-- REQUIRED WORK --
From the data below, return only the lines from the one with "Posyp cukrem, a" through the one with "Mit seinem realistischen", exact and inclusive, with pictures left out.
---------- THE INPUT
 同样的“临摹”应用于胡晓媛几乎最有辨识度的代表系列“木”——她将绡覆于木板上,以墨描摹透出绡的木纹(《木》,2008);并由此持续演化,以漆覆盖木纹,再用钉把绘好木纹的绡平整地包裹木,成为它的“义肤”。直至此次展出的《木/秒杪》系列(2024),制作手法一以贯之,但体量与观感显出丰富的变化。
--------------------
---------- THE INPUT
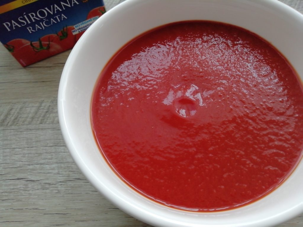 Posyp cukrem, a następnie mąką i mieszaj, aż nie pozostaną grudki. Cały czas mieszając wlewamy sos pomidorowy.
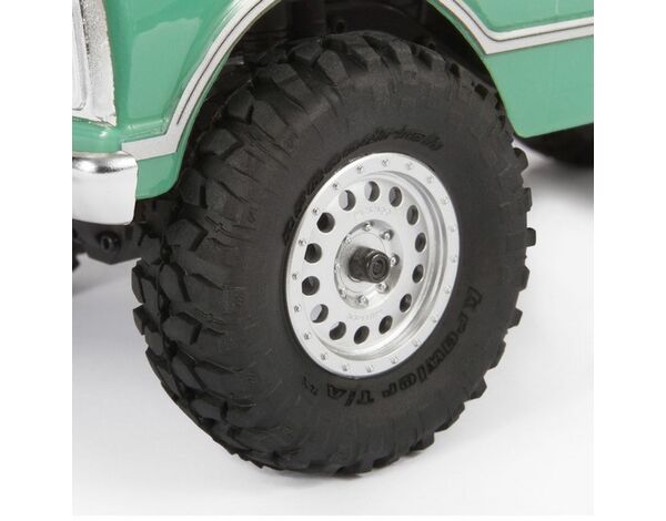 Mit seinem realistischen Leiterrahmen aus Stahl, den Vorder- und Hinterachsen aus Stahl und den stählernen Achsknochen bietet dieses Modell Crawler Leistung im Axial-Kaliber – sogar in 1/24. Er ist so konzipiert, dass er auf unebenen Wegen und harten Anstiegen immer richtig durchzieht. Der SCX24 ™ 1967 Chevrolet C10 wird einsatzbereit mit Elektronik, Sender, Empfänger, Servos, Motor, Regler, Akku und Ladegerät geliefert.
--------------------
-- TASK OUTPUT --
 Posyp cukrem, a następnie mąką i mieszaj, aż nie pozostaną grudki. Cały czas mieszając wlewamy sos pomidorowy.
 Mit seinem realistischen Leiterrahmen aus Stahl, den Vorder- und Hinterachsen aus Stahl und den stählernen Achsknochen bietet dieses Modell Crawler Leistung im Axial-Kaliber – sogar in 1/24. Er ist so konzipiert, dass er auf unebenen Wegen und harten Anstiegen immer richtig durchzieht. Der SCX24 ™ 1967 Chevrolet C10 wird einsatzbereit mit Elektronik, Sender, Empfänger, Servos, Motor, Regler, Akku und Ladegerät geliefert.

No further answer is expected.